These systems store power in a local battery system that can continue providing support when no solar power is being generated.
During the first quarter, we were successful in getting our TVS diode designed into these systems to provide protection when the power is converted from the solar panels to the batteries.
We also have electronic fuse products designed into these systems.
Last quarter, we mentioned the opening of our new Silicon Valley technology center.
Our team there is facilitating collaboration with several global OEMs and battery suppliers in the power tool category, which is a new focus area for us.
A nice win in this new area is with a leading North American manufacturer of power tools that will contribute about $1 million in incremental revenues.
Our ability to offer sensors, overvoltage, overcurrent and overtemperature protection at a systems engineering level is a distinct advantage for Littelfuse.
Datacom and cloud computing is another targeted market with excellent growth opportunities.
We provide protection for various consumer devices as well as the infrastructure that supports these products.
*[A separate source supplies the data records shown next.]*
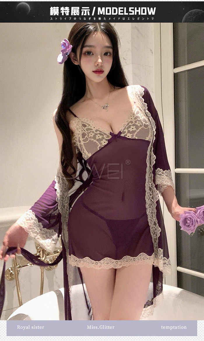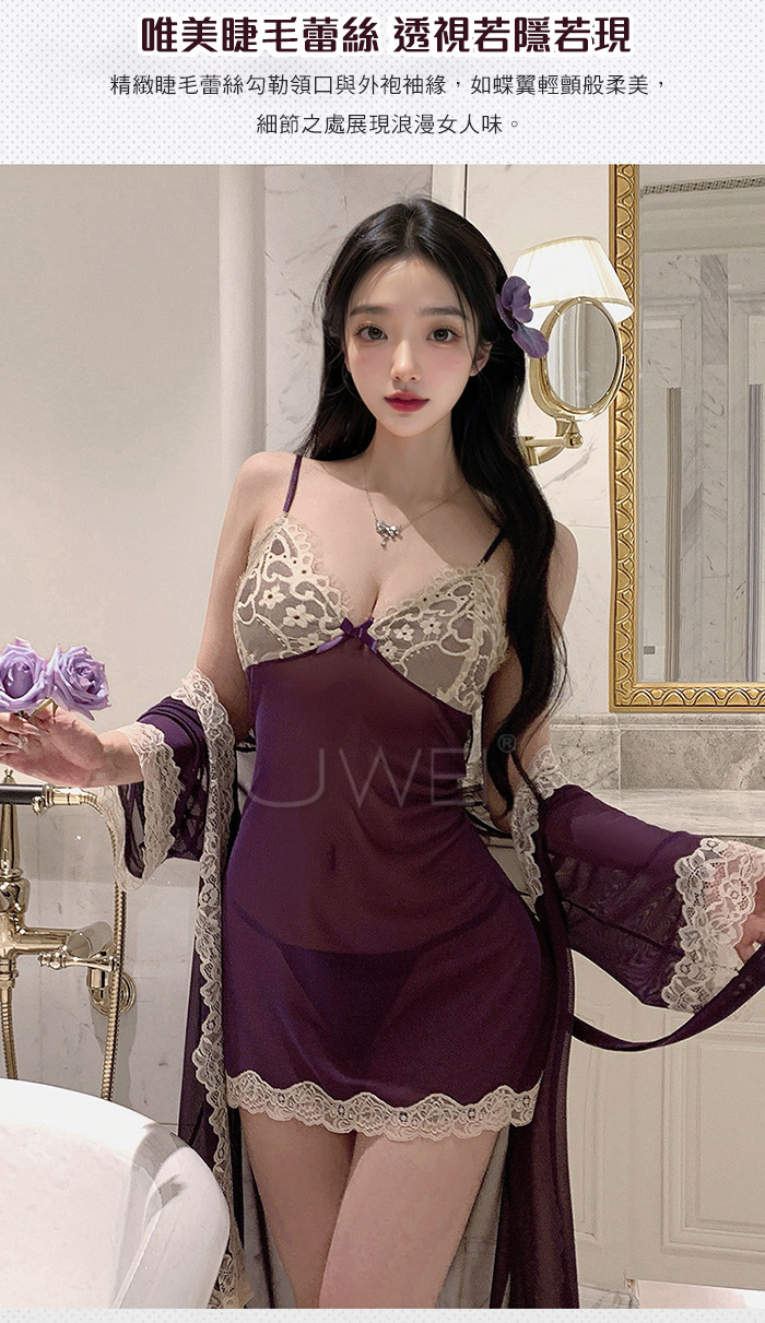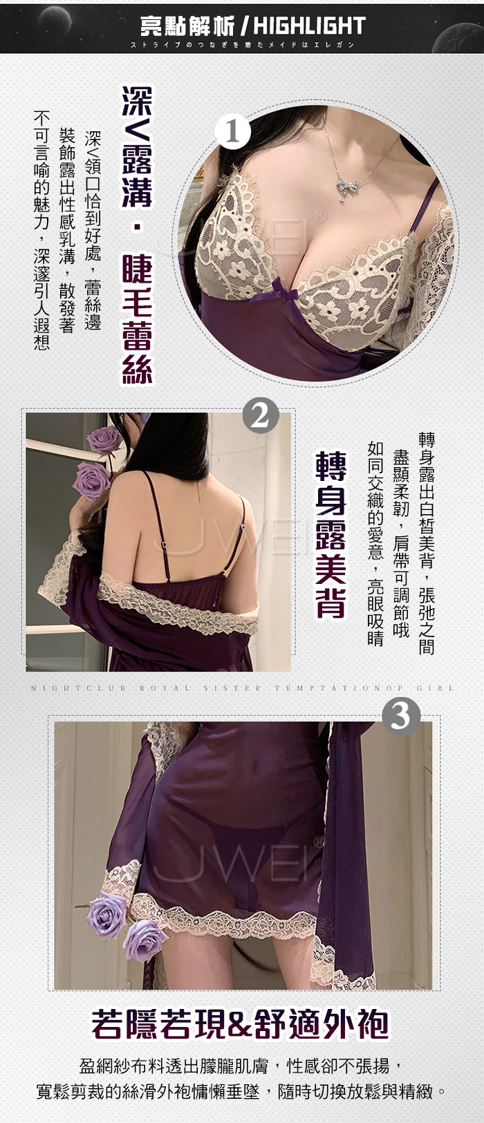 ►您現在的位置:首頁>微醺蕾絲.性感深V露溝睫毛蕾絲覆胸美背睡裙-紫色【外袍+睡裙+T褲】
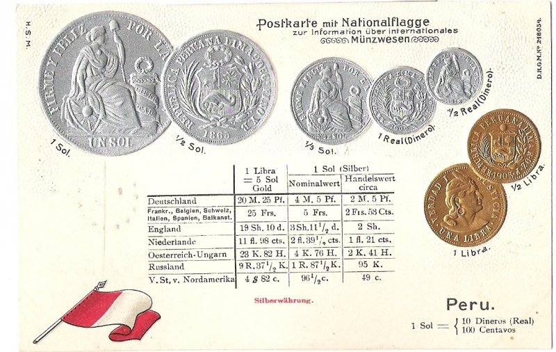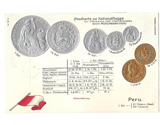 Postcard with coins - Peru
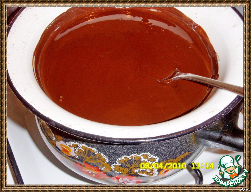 Если при нарезании шоколад будет ломаться, то окунайте нож в горячую воду, насуxо вытирайте и нарезайте пирог.
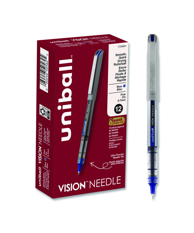Stock your office, home or classroom with Vision Needle Stick Rollerball Pens from uni-ball featuring a strong, long lasting 0.7 mm fine point. These needle point pens are designed with a bend resistant tip for better accuracy. Even-flowing, pigment-based roller ink delivers a smooth writing experience for reliably smooth, vivid lines and a rich color for improved clarity and readability. Use these fine point rollerball pens to create perfect letters, numbers and graphics. Innovative uni Super Ink technology effectively entraps the liquid ink into the paper, producing fraud, fade and water-resistant documents that resist check washing or bleaching. The 0.7mm fine needle point allows you to create ultra-precise, straight edge lines with ease. The exclusive Uni-Flow Ink System ensures a consistent, delightfully fluid writing experience, and a translucent window ensures that you don't run out of ink unexpectedly. Enjoy beautiful clean lines and give all of your ideas a burst of brilliant color with this classic style fine point rollerball pen.
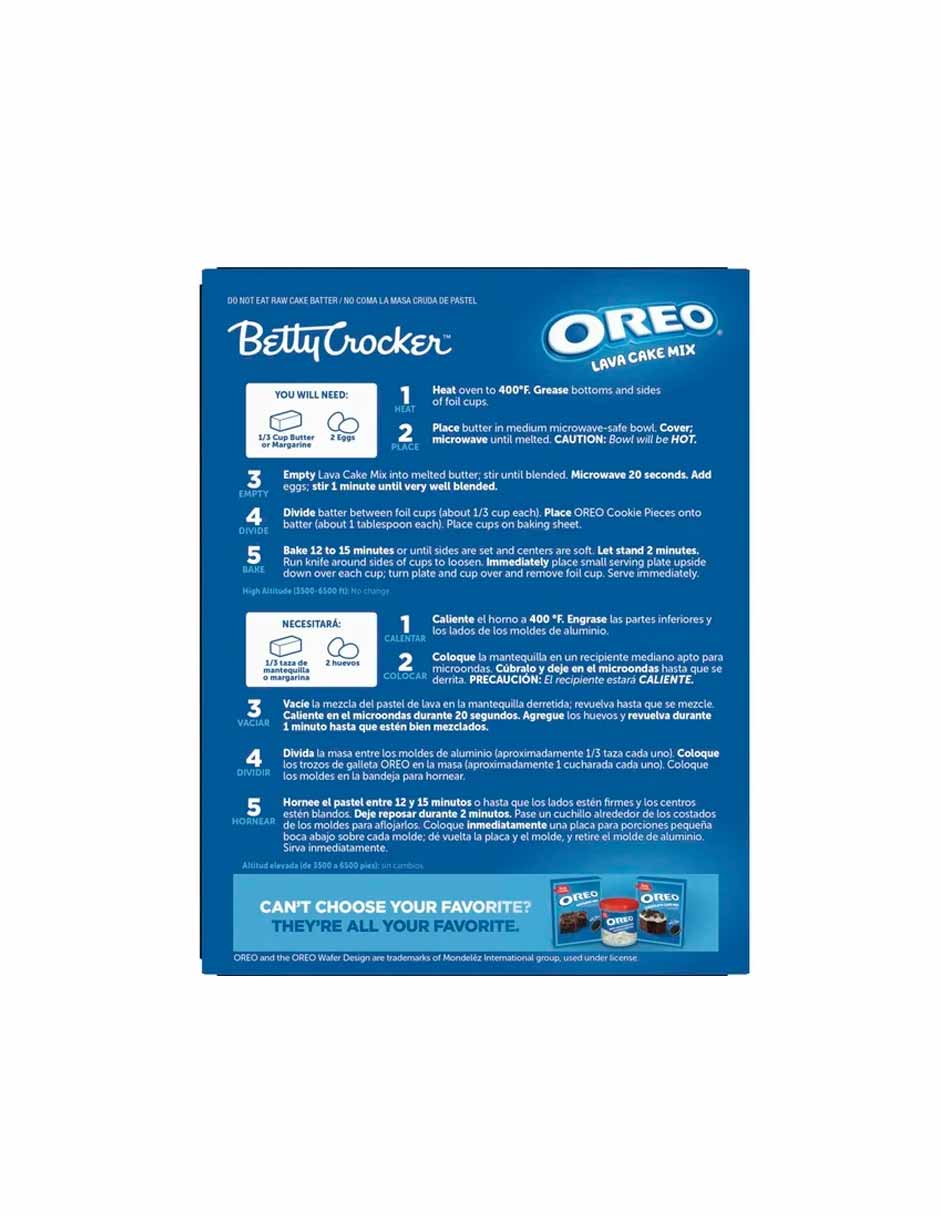 Descubre el placer de un centro fundido de chocolate con trozos reales de galleta Oreo en cada bocado. La mezcla para pastel de lava Oreo de Betty Crocker te permite preparar fácilmente 4 pasteles individuales con una textura húmeda y un corazón de chocolate derretido. Solo necesitas mantequilla y huevos para crear un postre caliente, suave y sorprendente que encantará a todos. Ideal para cenas especiales, celebraciones o darte un gusto cualquier día. Rápido de preparar, inolvidable al probar. Llévalo a casa y disfruta del sabor Oreo con el toque casero de Betty Crocker.
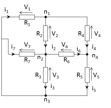 (i) In Figure Q1(a), if V1=3V, V2=9V, V5=5V, determine the voltages V3, V4, V6 and V7 by applying Kirchhoff’s Voltage Law (KVL).

For example, sales of our high-powered TVS diodes that protect the power supply in cell phone base stations contributed over $3 million in first quarter sales.
The key driver for this growth is regional 4G build-outs, most notably in India where people typically access the Internet through their mobile devices.
We also added new business with telecommunication equipment suppliers globally for a protection thyristor that provides overvoltage protection for high-speed telecom circuits that transmit data through telephone lines.
We expect revenues from this growing market to exceed $1 million in 2017.
We are also well positioned in the data center infrastructure market with 2 recent wins that will add nearly $1 million of new sales.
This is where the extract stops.